Introduction

Cesarean delivery (CD) has increased in all developed countries with Nordic countries having the lowest rates [1]. There has been a moderate increase in CD rates also in the Nordic countries [2]. Between 2000 and 2011 the rates increased by 26%, 15% and 10% in Denmark, Norway, and Sweden, respectively, after which they have levelled off during the most recent years [3]. Higher CD rates may be associated with future adverse complications in the mother and her baby [4] and have economic costs for the society [5].

The ongoing changes in clinical interventions as well as society composition including maternal age at childbirth and cultural background or ethnicity in relation to immigration, make it crucial to monitor CD rates and identify groups with too high CD rates and contributing factors [1]. Nulliparous women and women with previous CD are the two groups contributing strongly to increasing CD in the Nordic countries [2]. Major risk factors for the rise in CD include advanced maternal age [6], change in clinical practice such as management of breech pregnancies [7] and more induced deliveries [8]. Women’s preferences [9] and change in population risk profile such as higher body mass index (BMI) [10] are also important.

Increasing maternal age is associated with increased risk of pregnancy complications and obstructed labor [6], and may be explained by biological changes to the uterine contractility [11, 12]. However, a prior study among low risk nulliparous women in Norway and Sweden reported declining CD rates in women older than 35 years [13]. This study only focused on women older than 30 years and thus excluded most nulliparous women and did not take into consideration women’s different risk profiles and clinical handling.

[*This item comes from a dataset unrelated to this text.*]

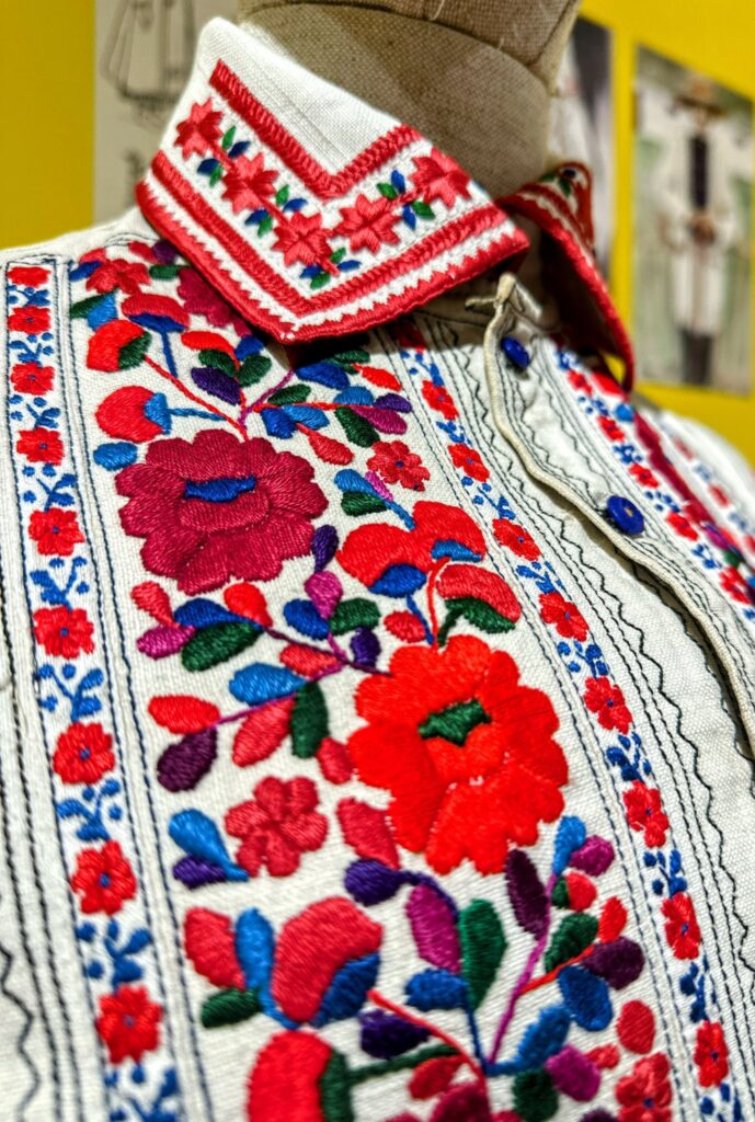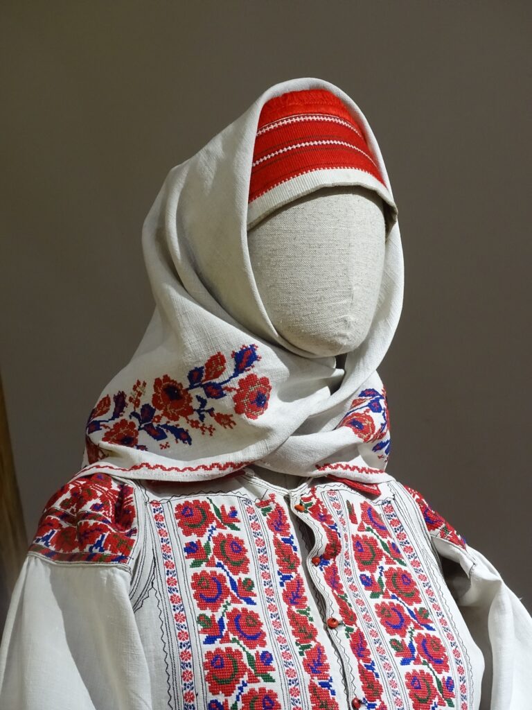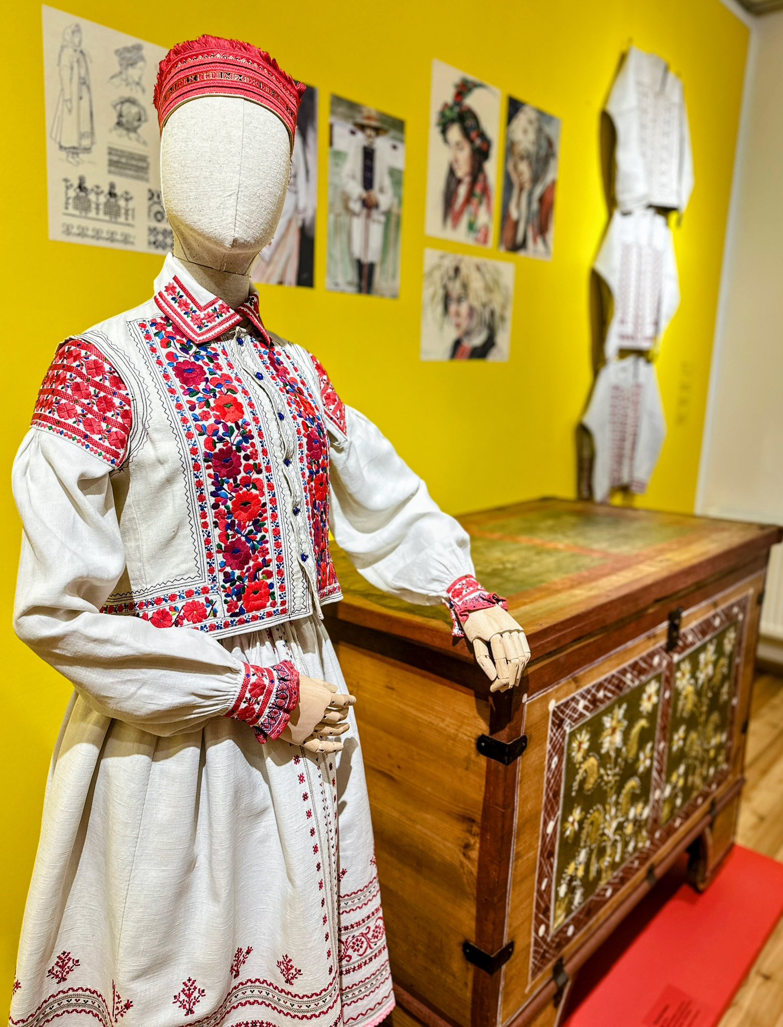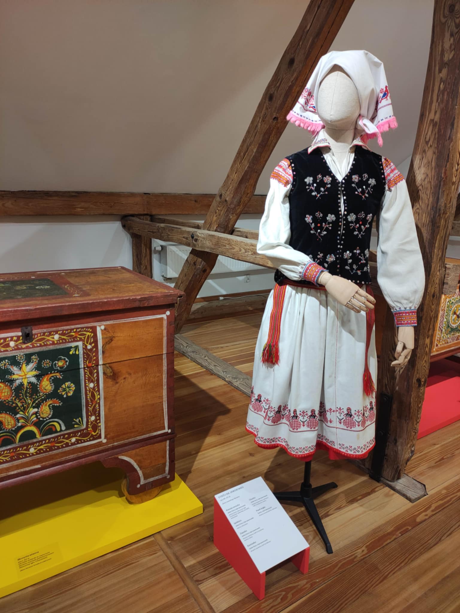 W malowanych skrzyniach przechowywane była odświętna odzież. Na wystawie zaprezentowano prawie sto elementów odzieży kobiecej i męskiej ze zbiorów lwowskiego Skansenu. Reprezentują one przemiany stroju jaworowskiego od końca XIX do połowy XX w. Do najstarszych należą obszerne, haftowane chusty kobiece (tzw. „ubrusy”), drukowane spódnice (tzw. „malowanky”), czy koszule (tzw. „soroczki”) zdobione motywami spiralnymi („na zakretky”). Specyficznym elementem stroju jaworowskiego była również opaska na głowę (tzw. „bawnycia”), na której kobiety zamężne wiązały chustę. Ewolucja stroju ludowego w okolicach Jaworowa polegała na stopniowym wprowadzaniu materiałów fabrycznych. Koszule, kamizelki, kabaty i zapaski nadal jednak zdobione były bogatymi haftami w różnych technikach, które pozostały do dziś charakterystycznym elementem ukraińskiego stroju ludowego.

Other factors influencing CD rates include changes in induction policy and pre-labor CD [8, 14]. The link between induction and CD has been much debated, with many studies reporting conflicting findings. Some observational studies report induction of labor in low-risk nulliparous women to increase risk of CD [15, 16] while others have reported unchanged or even lower risk of CD [17,18,19]. In Norway, induction rates have increased from 12.5% in 2003 to 20.3% in 2013, with one in ten inductions performed without any medical indication [20]. In 2020, the induction rate in Norway was 27.1% [21].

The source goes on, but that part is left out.